Modular RAG

A production-oriented, modular Retrieval-Augmented Generation (RAG) framework evolved from an earlier monolithic RAG system with guardrails.

GitHub · Back to Projects


  • Problem: Monolithic RAG pipeline was hard to extend and debug.
  • Approach: Modular components + explicit flow orchestration.
  • Outcome: Hybrid retrieval + agentic-ready workflows without refactoring core logic.

This project represents a deliberate migration from a tightly coupled, single-pipeline RAG implementation into a modular, composable, and extensible architecture. The goal was to support hybrid retrieval, conditional execution, and future agentic workflows without refactoring core logic.

Key architectural ideas:

  • Separation of computation and control — retrieval, embeddings, generation, and reranking are implemented as reusable modules, while execution logic lives in explicit flows.
  • Flow-based orchestration — RAG pipelines are defined as executable graphs (sequence, routing, parallelism), enabling simple, hybrid, and agentic-ready workflows.
  • Explicit wiring, no magic — predictable startup registration and debuggable flows.
  • Hybrid retrieval by design — supports BM25, FAISS dense retrieval, Reciprocal Rank Fusion (RRF), and Maximal Marginal Relevance (MMR).
  • Model- and vendor-agnostic — OpenAI-compatible LLM layer supporting local (Ollama) and hosted providers without leaking vendor logic.
  • Observability-first — structured logging, tracing, and metrics are built in from the API boundary through flow execution. Each flow step logs: step name, duration, retriever used, top-k doc IDs, and any error category.

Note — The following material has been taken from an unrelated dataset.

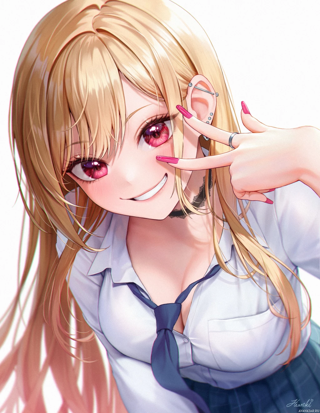 an illustrated character who appears to be Marin Kitagawa, a character from the "Love Live! School Idol Project" series. The character is smiling and giving

Compared to the original monolithic RAG system, this modular approach enables incremental evolution: from simple RAG, to hybrid retrieval, to conditional and agentic workflows — without rewriting existing components.



Engineering Notes


API & Interfaces
  • FastAPI boundary with typed request/response models and input validation.
  • Deterministic wiring: modules + flows registered at startup; explicit dependency injection (no hidden globals).
  • Provider layer: OpenAI-compatible client abstraction to swap hosted vs local (e.g., Ollama) without leaking vendor logic.
Retrieval & Flow Execution
  • Hybrid retrieval: BM25 + dense (FAISS) with configurable fusion (RRF) and diversification (MMR).
  • Flow graph orchestration: sequence / routing / parallel branches; supports conditional execution for “agentic-ready” patterns.
  • Extensibility: add a retriever/reranker/generator by implementing a small interface + registering once.
Reliability & Observability
  • Structured logging at the API boundary and per-flow step (inputs/outputs summarized, errors classified).
  • Tracing hooks for end-to-end request → flow → module timing.
What I'd Build Next
  • Evaluation harness: offline retrieval metrics + answer quality checks with a versioned dataset.
  • Config-driven flows: define flows in YAML/JSON for faster experimentation.
  • Safety/guardrails: stricter citation enforcement, refusal policies, and prompt injection resistance tests.